WHAT THIS TASK INVOLVES
If pictures are present, leave them out, and copy the data word for word.

[Collected data]
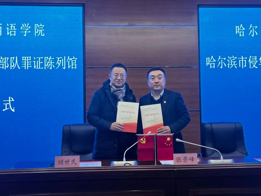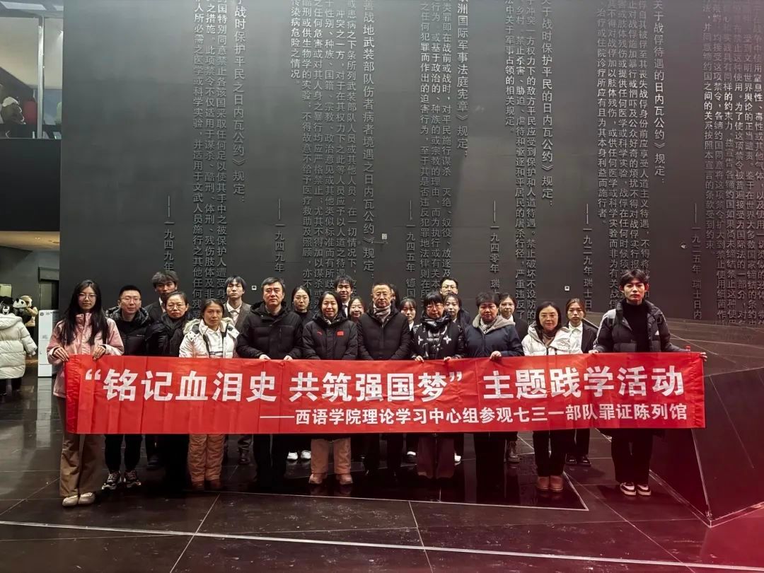 为深入贯彻落实新时代党的建设总要求,进一步探索党建创新,11月28日下午,西语学院与哈尔滨市侵华日军第七三一部队罪证陈列馆开展党建共建活动。陈列馆党支部书记张景峰、副馆长张阳,西语学院理论学习中心组成员参加活动。
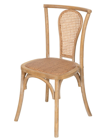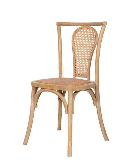 Solid wood chair with Vienna straw backrest in light walnut finish
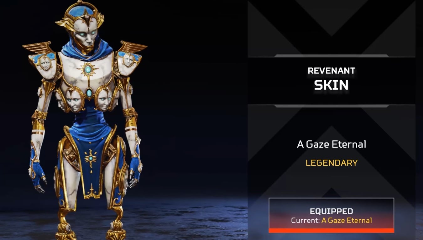 Usually, Respawn likes to make Revenant’s terrifying presence as obvious as possible. His Legendary skins turn him into demonic relics, ancient gods of death, various robotic merchants of death, and even the Big Bad Wolf. A Gaze Eternal from season eight’s Chaos Theory event is the odd skin out, and it’s perhaps the scariest of the bunch because of it. Crowned in royal blue and gold, Revenant gets a blank, marble face and pupil-less stare befitting the name of the skin. In fact, he gets several stares, as the skin is covered in the same blank face, making sure you’re being watched from every single angle. It’s a strange and unsettling skin as opposed to a stereotypical “scary” one, and it still stands out as one of the most unique takes Respawn has ever given players on Revenant, or any of the characters in the Apex universe.
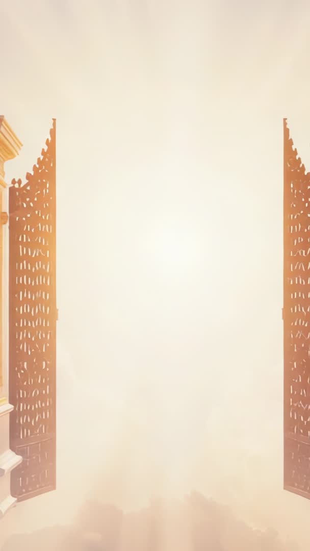 - Golden palace gates swinging open into radiant light revealing heavenly void vertical video
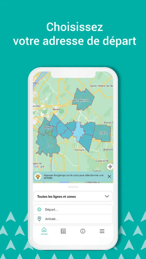 - Saisissez un arrêt, un lieu public, une adresse ou sélectionnez sur la carte votre point de départ et d’arrivée.
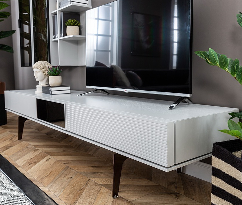 В современных квартирах тумба под тв может располагаться, как правило в гостиной.
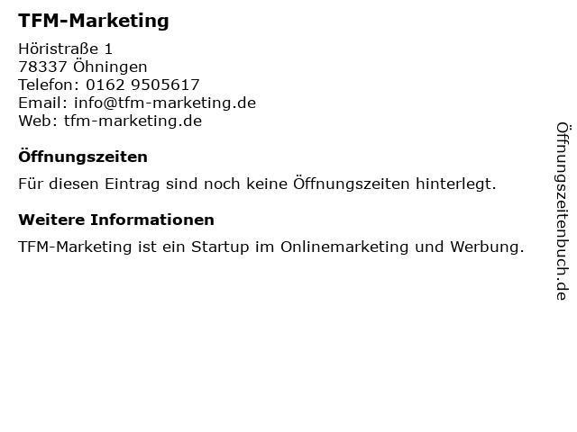 | Öffnungszeiten TFM-Marketing in Öhningen anzeigen | |
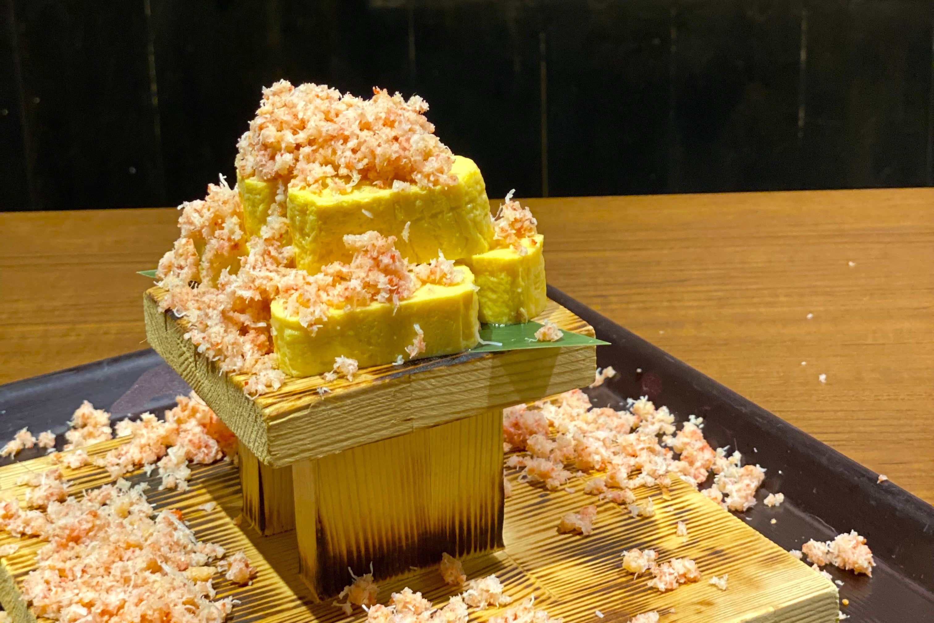 北海道産のかにを贅沢に使用し、ふんわりと仕上げただし巻き玉子にたっぷりとかけた一品。かにの旨味と出汁の風味が重なり、シンプルながら素材の良さをしっかり感じられる味わいです。

RESULT FOR THIS TASK
 为深入贯彻落实新时代党的建设总要求,进一步探索党建创新,11月28日下午,西语学院与哈尔滨市侵华日军第七三一部队罪证陈列馆开展党建共建活动。陈列馆党支部书记张景峰、副馆长张阳,西语学院理论学习中心组成员参加活动。
 Solid wood chair with Vienna straw backrest in light walnut finish
 Usually, Respawn likes to make Revenant’s terrifying presence as obvious as possible. His Legendary skins turn him into demonic relics, ancient gods of death, various robotic merchants of death, and even the Big Bad Wolf. A Gaze Eternal from season eight’s Chaos Theory event is the odd skin out, and it’s perhaps the scariest of the bunch because of it. Crowned in royal blue and gold, Revenant gets a blank, marble face and pupil-less stare befitting the name of the skin. In fact, he gets several stares, as the skin is covered in the same blank face, making sure you’re being watched from every single angle. It’s a strange and unsettling skin as opposed to a stereotypical “scary” one, and it still stands out as one of the most unique takes Respawn has ever given players on Revenant, or any of the characters in the Apex universe.
 - Golden palace gates swinging open into radiant light revealing heavenly void vertical video
 - Saisissez un arrêt, un lieu public, une adresse ou sélectionnez sur la carte votre point de départ et d’arrivée.
 В современных квартирах тумба под тв может располагаться, как правило в гостиной.
 | Öffnungszeiten TFM-Marketing in Öhningen anzeigen | |
 北海道産のかにを贅沢に使用し、ふんわりと仕上げただし巻き玉子にたっぷりとかけた一品。かにの旨味と出汁の風味が重なり、シンプルながら素材の良さをしっかり感じられる味わいです。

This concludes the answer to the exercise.